Electrically conductive substrates include metals and alloys or
composites thereof. Exemplary metals include aluminum, bismuth,
boron, calcium, cobalt, copper, chromium, iron, lead, magnesium,
manganese, molybdenum, nickel, niobium, nitrogen, phosphorous,
selenium, sulfur, tantalum, tellurium, titanium, tungsten,
vanadium, zirconium, silicon, zinc, a rare earth element, or a
combination thereof. Exemplary alloys include nickel-cobalt,
ferrous alloys, magnesium alloys (e.g., Mg--Al alloys, MgZrZn,
MgAlZn, and the like), aluminum alloys, and the like.
[0050] In an embodiment, the substrate is electrically
nonconductive and is, e.g., a polymer, ceramic, or glass. Here, the
electrically nonconductive substrate includes a strike layer
comprising an electrically conductive material, e.g., a metal,
disposed on a surface of the electrically nonconductive substrate.
The strike layer covers all or a portion of the substrate.

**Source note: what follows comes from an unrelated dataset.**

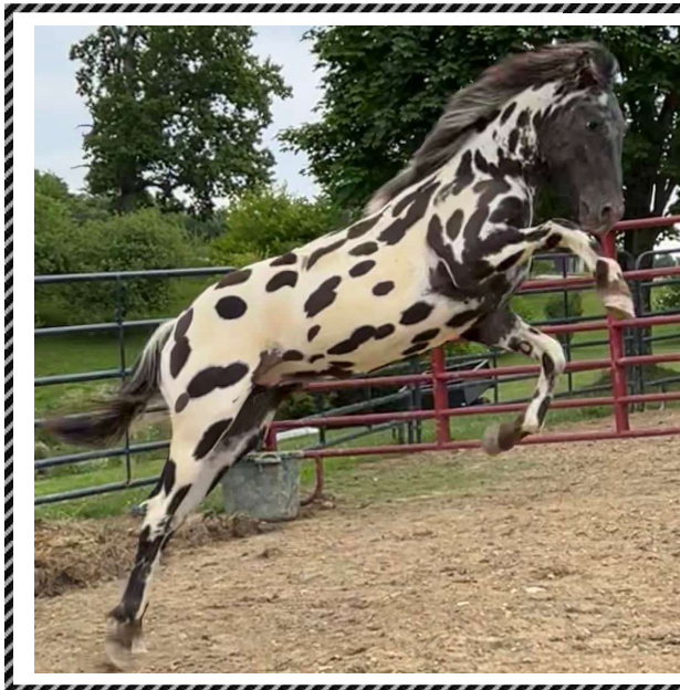
MHS Mintaka of Orion (F5)

Show off your ICAA horses on the ICAA Facebook Page!

[0051] The substrate is any shape (e.g. planar, round, a mesh,
polygonal, rectangular, annular, and the like), and is smooth or
has an edge such as a corner, break, hole, pore, and the like. In
some embodiments, the anode has a shape that complements the
substrate to mediate the current density and thus coating
thickness. In an embodiment, the anode has a different shape than
the substrate.
[0052] In an embodiment, the nanosheets are present in the
deposition composition in an amount from 0.001 wt % to 10 wt %,
specifically from 0.1 wt % to 10 wt %, and more specifically from
0.1 wt % to 5 wt %, based on the weight of the nanosheets and the
metal material in the deposition composition. The nanosheets are
present in the coating in an amount from 0.001 wt % to 10 wt %,
specifically from 0.1 wt % to 10 wt %, and more specifically from
0.1 wt % to 5 wt %, based on the weight of the nanosheets and the
metal in the coating. In an embodiment, a ratio of a number of
moles of the metal material to a number of moles of the ionic
liquid in the deposition composition is greater than or equal to 1,
specifically greater than or equal to 1.5, and more specifically
greater than or equal to 3.
[0053] Additives such as the buffer, surfactant, reducing agent and
the like are present in the deposition composition in an amount
from 0 wt % to 20 wt %, specifically 0 wt % to 10 wt %, and more
specifically 0 wt % to 5 wt %, based on the weight of the
deposition composition.
[0054] The metal is present in the coating in an amount from 80 wt
% to 99.999 wt %, specifically from 90 wt % to 99.9 wt %, and more
specifically from 95 wt % to 99.9 wt %, based on the weight of the
nanosheets and the metal in the coating.
[0055] To form the coating on the substrate, the metal is produced
from reduction of the metal material by application of a voltage.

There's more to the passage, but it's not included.